The Accidental Forever

“It’s time to die again, Love.”

“The Sun has risen 279 times already?”  I sigh.

My favorite lover nods. When I stand, she leads me arm in arm across the beach to where my friends, wearing ceremonial feathers, shells, and beads, have circled the sacred palm grove. As I lie down in the middle, I ask, “Tell me again what it is like for you.”

“Your body fades away. Everything stops – the wind and surf. Even the birds in the sky hang motionless. The silence is profound. Then you slowly reappear, open your eyes, and all becomes as it was.”  

#

I awaken inside an organic pod, the pit in a gigantic fruit. My memory is a hall of mirrors – repeating images fading backward into mist. Between pod awakenings, I live on the tropical island, basking in sunshine, making love and music. The island memories are sliced at regular intervals by memories of this cloning pod on an interstellar ship. Other more ancient recollections mingle with these, useless as worn out serial numbers – being a scientist, having a former life on Earth. 
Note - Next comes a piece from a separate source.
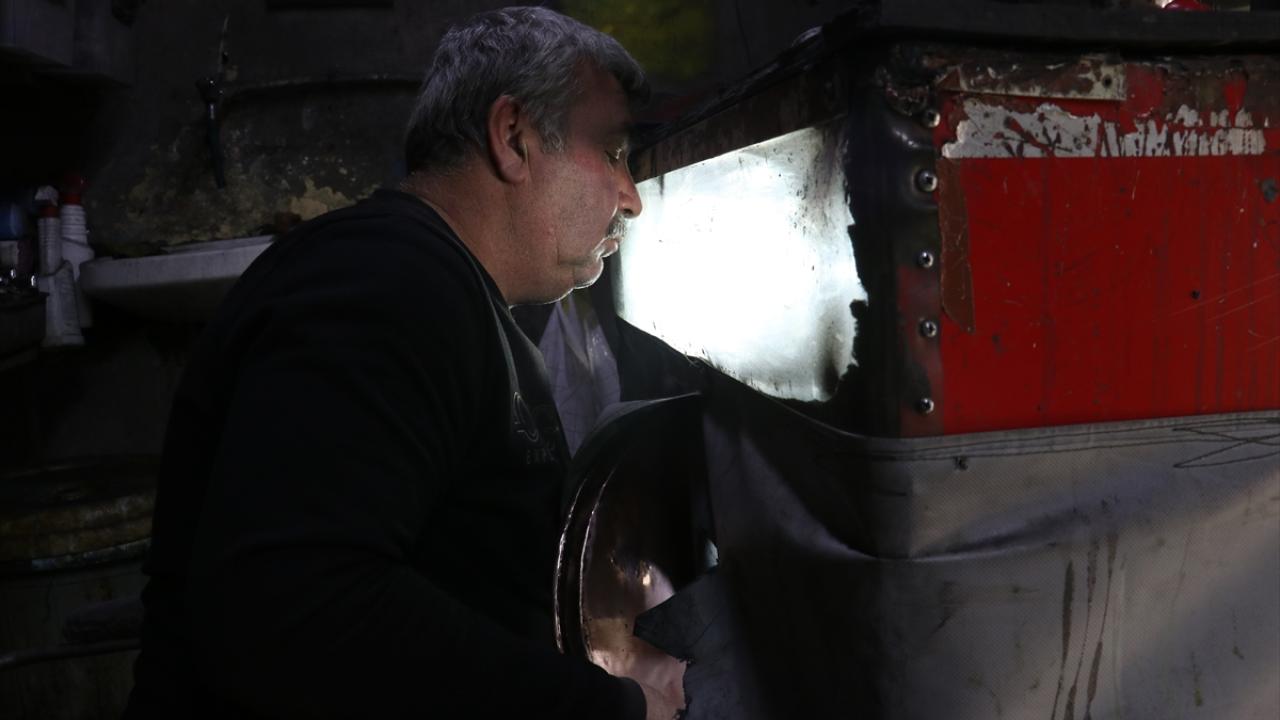Mahmut usta 41 yıllık mesleğini bırakıp "unutulmasın" diye kalaycılığa başladı

At each awakening, I remember pushing through the slimy opening of the pod to confront… myself.

So I push.

My self outside the pod is strapped on a couch in a shiny transparent bubble. His steel-blue eyes widen frantically as I appear. I remember that he will soon be flushed away. The microbots are oozing over his skin already, like a grey sweat, beginning the reclamation.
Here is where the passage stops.